Essentially, there are only two levers that are available to price a business; the profit and the multiple. The profitability is what it is, with some adjustments that can be made depending on the conduct of the business, based on the annual reported financials provided by your accountant. The multiple is where more of the intangible considerations sit i.e. trends, industry, size, age, online/offline, and reliance on the owner.
Taking these into account, you can apply the formula of “profit x multiple = price”. Seems easy, right? Where an experienced business broker can really make a solid, professional difference here is knowing which profit and which multiple to use. This is one item that cannot be googled if you need more specific answer pertaining to comparable sales of other businesses in your industry.
Why? Because the details of what happened with a business sale is not and cannot be made public. Confidentiality is often key in these circumstances. Regardless of the price a business is listed for, this is not typically what the final number is.
And as it stands today, there are still not enough “good” businesses to meet the ever-increasing demand from buyers. As seasoned business brokers, our growing database of prospective buyers will attest to this.
The current trends suggest that sellers have been reluctant to put their businesses on the market because appraisals have dropped. Appraisals, based primarily on trading profits, were strongly affected in the aftermath of the global recession in the 2008-09, and unfortunately, 10 years on, many have not bounced back.
This directly resulted in potential sellers being forced to hold on to their business as they wait for profits to improve. Appraisals under these circumstances (though certainly not incorrect) are often less than what you may be looking for.
As in a classic supply and demand scenario, well-performing businesses need not take that path. The growing number of buyers in the market opens the door for businesses that have performed solidly.
Good businesses sell and they sell well
With proper preparation a good business will sell and sell in a reasonable timeframe. And the asking price will make sense to the market, with a buyer willing to seriously consider what is on the table.
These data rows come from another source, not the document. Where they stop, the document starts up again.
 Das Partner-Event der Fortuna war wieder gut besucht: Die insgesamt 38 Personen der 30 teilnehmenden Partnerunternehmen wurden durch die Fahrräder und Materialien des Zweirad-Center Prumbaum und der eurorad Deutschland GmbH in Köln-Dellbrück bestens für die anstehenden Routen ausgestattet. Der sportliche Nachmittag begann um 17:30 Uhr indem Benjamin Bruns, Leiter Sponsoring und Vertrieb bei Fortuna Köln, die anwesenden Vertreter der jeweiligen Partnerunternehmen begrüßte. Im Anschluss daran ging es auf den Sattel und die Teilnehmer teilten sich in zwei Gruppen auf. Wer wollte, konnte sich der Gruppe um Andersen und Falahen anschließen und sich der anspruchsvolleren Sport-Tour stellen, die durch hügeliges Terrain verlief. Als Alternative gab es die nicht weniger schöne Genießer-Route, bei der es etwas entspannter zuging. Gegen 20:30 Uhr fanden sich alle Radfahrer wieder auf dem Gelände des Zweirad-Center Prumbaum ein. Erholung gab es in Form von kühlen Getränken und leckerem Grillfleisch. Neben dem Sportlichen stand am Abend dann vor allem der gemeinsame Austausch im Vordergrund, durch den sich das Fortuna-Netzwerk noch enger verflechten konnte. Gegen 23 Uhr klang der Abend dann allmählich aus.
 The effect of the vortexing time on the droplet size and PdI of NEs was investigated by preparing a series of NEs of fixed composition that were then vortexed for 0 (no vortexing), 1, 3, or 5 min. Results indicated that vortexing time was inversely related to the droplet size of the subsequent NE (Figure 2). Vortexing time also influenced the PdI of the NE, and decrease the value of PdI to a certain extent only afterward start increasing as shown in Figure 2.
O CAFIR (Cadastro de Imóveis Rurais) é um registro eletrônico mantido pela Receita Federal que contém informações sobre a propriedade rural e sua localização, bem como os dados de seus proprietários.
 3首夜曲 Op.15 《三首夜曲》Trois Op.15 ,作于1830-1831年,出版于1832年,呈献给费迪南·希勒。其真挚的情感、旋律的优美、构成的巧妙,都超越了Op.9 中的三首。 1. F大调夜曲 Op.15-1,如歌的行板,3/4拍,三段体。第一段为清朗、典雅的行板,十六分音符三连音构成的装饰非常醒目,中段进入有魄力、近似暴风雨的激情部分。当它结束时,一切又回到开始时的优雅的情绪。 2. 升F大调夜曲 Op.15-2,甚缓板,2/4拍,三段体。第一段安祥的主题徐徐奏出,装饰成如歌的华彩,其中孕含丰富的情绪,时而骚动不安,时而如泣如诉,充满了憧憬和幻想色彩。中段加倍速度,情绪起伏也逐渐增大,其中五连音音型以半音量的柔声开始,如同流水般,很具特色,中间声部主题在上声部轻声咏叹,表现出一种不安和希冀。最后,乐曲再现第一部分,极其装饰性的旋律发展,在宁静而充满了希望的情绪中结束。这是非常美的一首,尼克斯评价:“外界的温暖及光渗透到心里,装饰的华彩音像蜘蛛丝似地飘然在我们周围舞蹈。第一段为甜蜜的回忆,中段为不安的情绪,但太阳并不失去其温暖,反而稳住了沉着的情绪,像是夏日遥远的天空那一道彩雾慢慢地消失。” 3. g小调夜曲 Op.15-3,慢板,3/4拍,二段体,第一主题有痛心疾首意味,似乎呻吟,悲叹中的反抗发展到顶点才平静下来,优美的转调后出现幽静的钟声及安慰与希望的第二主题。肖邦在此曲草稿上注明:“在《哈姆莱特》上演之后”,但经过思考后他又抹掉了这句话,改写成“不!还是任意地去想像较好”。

The past 12 months have been good for clients of our firm with the sale of several businesses occurring within a matter of weeks from being placed on the market. Good brokers everywhere will tell you similar stories, but the one common theme sung over and over again is that these businesses were priced correctly and adequately prepared for sale.
The sellers knew what they were selling, and the buyers knew what they were buying. When it comes down to it, if you have a strongly performing business, priced realistically and with the right preparation, you will find a buyer, and you will find them fast. The shortage of good businesses on the market assures it.
When selling your business, you need to demonstrate the value of it to a potential purchaser and price it accordingly. “Demonstrate” being the key word here. What you think the business owes you and what the financials support can be two different things.
If the profit and loss statements cannot show a reasonable profitability over a consistent period, and therefore reassuring rate of return, then the prospective buyer will either walk away or come back with a low and sometimes considered insulting offer. Thus, highlighting the importance of the profitability of the business having to support the asking price.
By considering all these factors, matching the story with the numbers with your expectation makes for a far more likely favourable outcome, meaning you have been able to attract the right buyer at the right time and receive the true value of your business as at this point in time. By default, you will have also cracked the mystery of how much is your business worth.